Member of the Chamber of Deputies
- In office 15 April 1994 – 14 June 1995
- Constituency: Naples–Vomero

Member of the Senate
- In office 20 June 1979 – 14 April 1994
- Constituency: Naples

Personal details
- Born: 15 October 1927 Portici, Italy
- Died: 15 August 2019 (aged 91) Naples, Italy
- Party: MSI (1948–1995) AN (1995–2007) The Right (2007–2017)
- Children: 5, including Sergio
- Alma mater: University of Naples Federico II
- Profession: Politician, Supreme Court lawyer

= Antonio Rastrelli (politician) =

Italian politician and lawyer (1927–2019)

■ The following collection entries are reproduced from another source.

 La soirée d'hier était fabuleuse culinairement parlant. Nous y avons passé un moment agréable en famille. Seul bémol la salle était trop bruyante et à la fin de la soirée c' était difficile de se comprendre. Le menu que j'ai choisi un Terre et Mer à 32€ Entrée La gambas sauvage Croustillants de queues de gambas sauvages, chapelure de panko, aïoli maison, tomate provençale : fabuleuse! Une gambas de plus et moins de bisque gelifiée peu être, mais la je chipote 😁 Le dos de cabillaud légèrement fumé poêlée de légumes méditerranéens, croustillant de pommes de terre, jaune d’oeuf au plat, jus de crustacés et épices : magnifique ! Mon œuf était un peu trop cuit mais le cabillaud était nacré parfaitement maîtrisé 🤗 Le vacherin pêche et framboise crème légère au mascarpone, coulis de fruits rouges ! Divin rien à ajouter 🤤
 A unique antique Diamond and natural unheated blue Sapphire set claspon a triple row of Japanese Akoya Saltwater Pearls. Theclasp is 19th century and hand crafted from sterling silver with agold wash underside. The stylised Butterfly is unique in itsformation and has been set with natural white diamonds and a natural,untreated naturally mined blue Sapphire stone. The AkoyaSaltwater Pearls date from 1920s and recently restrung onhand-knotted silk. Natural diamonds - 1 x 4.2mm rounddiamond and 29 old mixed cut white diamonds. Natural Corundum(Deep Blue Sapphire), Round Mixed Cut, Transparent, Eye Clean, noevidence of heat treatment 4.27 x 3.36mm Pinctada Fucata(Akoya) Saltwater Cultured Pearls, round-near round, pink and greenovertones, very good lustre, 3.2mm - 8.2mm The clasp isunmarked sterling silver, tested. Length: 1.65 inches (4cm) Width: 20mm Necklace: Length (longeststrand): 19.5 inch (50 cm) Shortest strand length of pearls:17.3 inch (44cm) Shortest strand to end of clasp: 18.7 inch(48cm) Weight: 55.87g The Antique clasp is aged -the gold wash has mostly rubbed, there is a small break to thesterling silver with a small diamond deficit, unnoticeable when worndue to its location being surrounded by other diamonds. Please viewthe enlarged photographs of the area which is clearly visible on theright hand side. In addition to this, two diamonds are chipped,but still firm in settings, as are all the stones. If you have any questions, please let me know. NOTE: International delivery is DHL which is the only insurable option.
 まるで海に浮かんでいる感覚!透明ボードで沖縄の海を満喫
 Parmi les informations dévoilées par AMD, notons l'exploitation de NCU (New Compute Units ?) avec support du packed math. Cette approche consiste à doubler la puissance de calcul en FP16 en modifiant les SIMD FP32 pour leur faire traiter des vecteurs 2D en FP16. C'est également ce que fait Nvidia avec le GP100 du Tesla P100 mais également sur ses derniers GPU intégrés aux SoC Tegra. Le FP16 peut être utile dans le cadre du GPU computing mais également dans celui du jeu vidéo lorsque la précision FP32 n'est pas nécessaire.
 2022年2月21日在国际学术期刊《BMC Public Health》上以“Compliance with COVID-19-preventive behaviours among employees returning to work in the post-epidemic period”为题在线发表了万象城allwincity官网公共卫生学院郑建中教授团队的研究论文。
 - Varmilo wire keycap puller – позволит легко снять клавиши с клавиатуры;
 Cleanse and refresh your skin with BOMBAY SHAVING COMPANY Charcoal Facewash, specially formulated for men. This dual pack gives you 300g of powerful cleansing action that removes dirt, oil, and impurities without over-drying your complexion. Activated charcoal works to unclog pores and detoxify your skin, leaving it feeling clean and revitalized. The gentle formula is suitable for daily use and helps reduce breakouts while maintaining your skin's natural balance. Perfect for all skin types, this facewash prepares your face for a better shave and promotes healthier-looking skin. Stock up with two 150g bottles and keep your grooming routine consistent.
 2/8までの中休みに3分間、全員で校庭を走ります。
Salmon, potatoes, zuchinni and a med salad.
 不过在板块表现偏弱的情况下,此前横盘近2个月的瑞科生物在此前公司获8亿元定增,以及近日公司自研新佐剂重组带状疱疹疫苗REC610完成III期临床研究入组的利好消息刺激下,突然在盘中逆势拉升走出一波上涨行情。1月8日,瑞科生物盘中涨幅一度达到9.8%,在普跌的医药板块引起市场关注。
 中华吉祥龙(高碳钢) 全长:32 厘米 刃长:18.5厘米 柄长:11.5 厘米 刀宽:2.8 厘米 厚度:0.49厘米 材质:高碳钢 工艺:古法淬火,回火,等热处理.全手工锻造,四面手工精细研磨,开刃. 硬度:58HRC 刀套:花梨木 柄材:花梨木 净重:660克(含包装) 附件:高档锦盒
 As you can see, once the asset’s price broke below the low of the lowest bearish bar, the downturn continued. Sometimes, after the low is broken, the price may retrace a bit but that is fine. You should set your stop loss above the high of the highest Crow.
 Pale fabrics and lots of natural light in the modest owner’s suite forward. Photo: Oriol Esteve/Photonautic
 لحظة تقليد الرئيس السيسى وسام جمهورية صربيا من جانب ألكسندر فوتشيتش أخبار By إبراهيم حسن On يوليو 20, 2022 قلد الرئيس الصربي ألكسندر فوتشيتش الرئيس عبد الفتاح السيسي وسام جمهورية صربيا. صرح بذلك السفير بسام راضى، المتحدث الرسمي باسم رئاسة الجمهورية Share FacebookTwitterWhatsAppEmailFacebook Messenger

Antonio Rastrelli (15 October 1927 – 15 August 2019) was an Italian politician and lawyer. He served as the President of Campania from 1995 until 1999.

==Early life and family==
Antonio Rastrelli was born in Portici (Campania) in 1927. His father, Carlo Rastrelli, was among the founders of Neapolitan fascism along with Aurelio Padovani, General Consul of the Fascist Militia M.V.S.N., and Prefectural Commissioner of L'Aquila in the regime of the Italian Social Republic. After the war, Carlo Rastrelli served as Naples deputy mayor under Monarchist National Party's Achille Lauro.

Antonio's brother Massimo Rastrelli became a Jesuit priest and was an activist in the social struggle against usury.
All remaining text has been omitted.